Salsa Verde Enchilada Pie
Yields: 6 serving(s)
Prep Time: 15 mins
Total Time: 35 mins
Ingredients
Cooking spray
- 1 c.
store-bought salsa verde
- 3/4 c.
sour cream
- 2
bunches fresh cilantro (about 4 cups, including stems), plus more for sprinkling
Kosher salt and freshly ground black pepper
- 4 c.
shredded rotisserie chicken
- 2
scallions, thinly sliced
- 6 oz.
Monterey Jack cheese, grated (about 1 1/2 cups), divided
- 5
corn tortillas, cut into quarters
White onion, finely chopped, for sprinkling
Directions
- Step 1-Lightly oil 6 8-ounce ramekins with cooking spray. Puree salsa, sour cream, and cilantro in a blender until smooth, 20 to 30 seconds. Season with salt and pepper.

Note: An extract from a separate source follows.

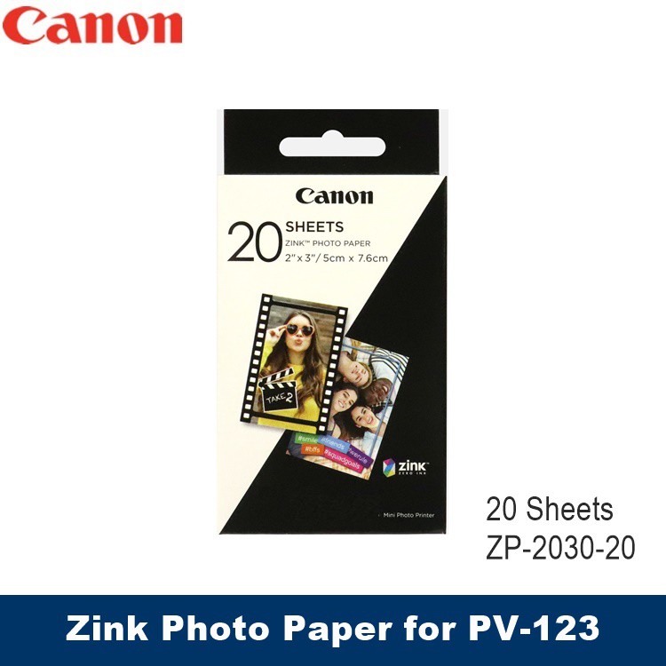 canon original zink photo paper pack 20 sheets zp 2030 20 for mini photo printer pv123
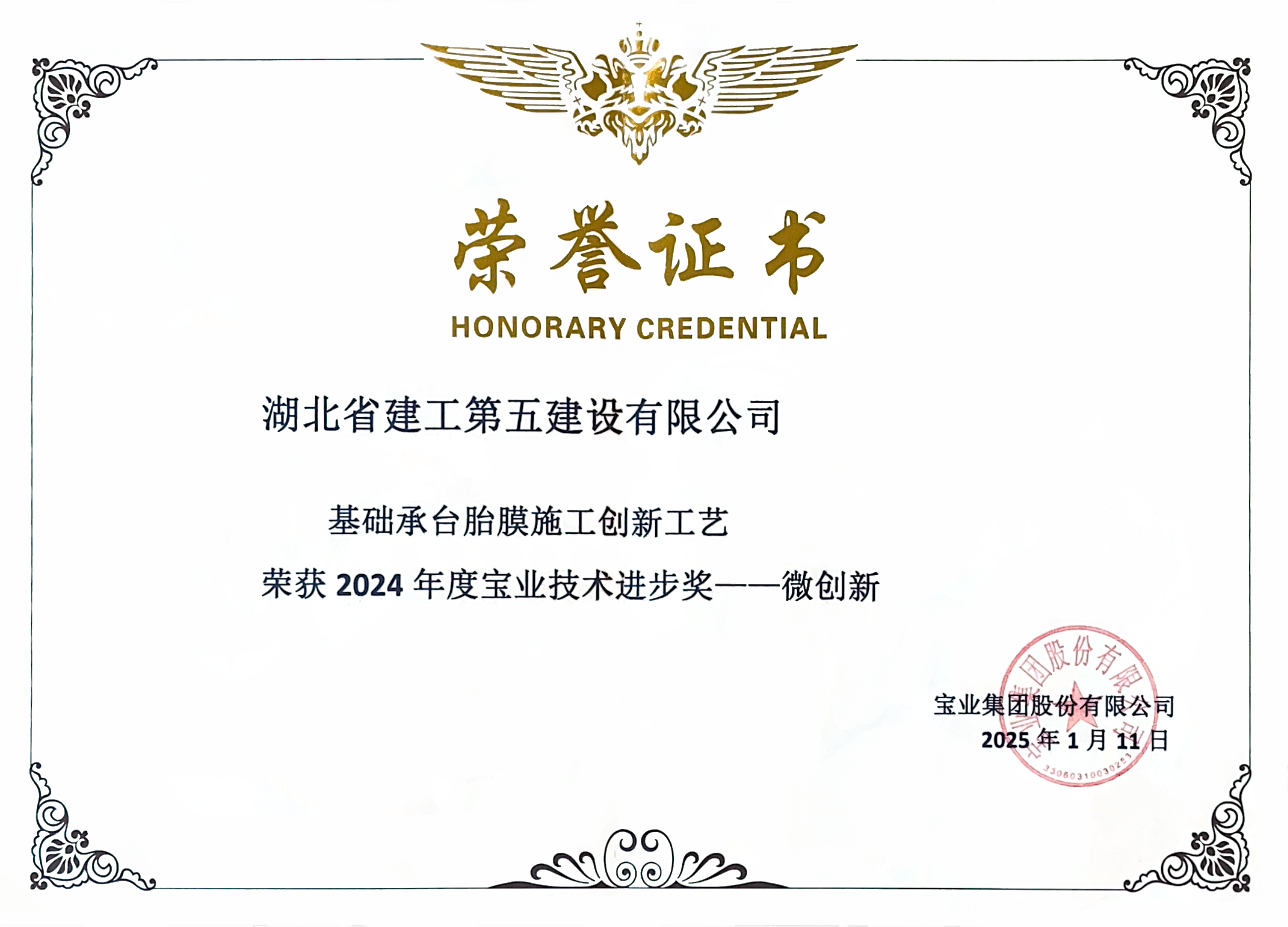 • 湖北省建工第五建設(shè)有限公司榮獲寶業(yè)集團(tuán)2024年度寶業(yè)技術(shù)進(jìn)步獎(jiǎng)微創(chuàng)新獎(jiǎng)

- Step 2-Spread 1 tablespoon sauce on bottom of each ramekin. Transfer remaining sauce to small bowl. Add chicken, scallions, and 1 cup cheese, and toss to combine. Season with salt and pepper.
- Step 3-Place 1 tortilla quarter on top of sauce in each ramekin. Top with 1/3 cup chicken mixture and 1 more tortilla quarter. Repeat with another 1/3 cup chicken mixture and 1 more tortilla. Top with 2 tablespoons chicken mixture and 2 tablespoons cheese.
- Step 4-Preheat air fryer to 400°F. Cut 6 foil squares and lightly oil bottom side with cooking spray. Cover each ramekin with 1 foil square. Air fry in batches, until warmed through, 4 to 6 minutes. Serve sprinkled with onion and cilantro.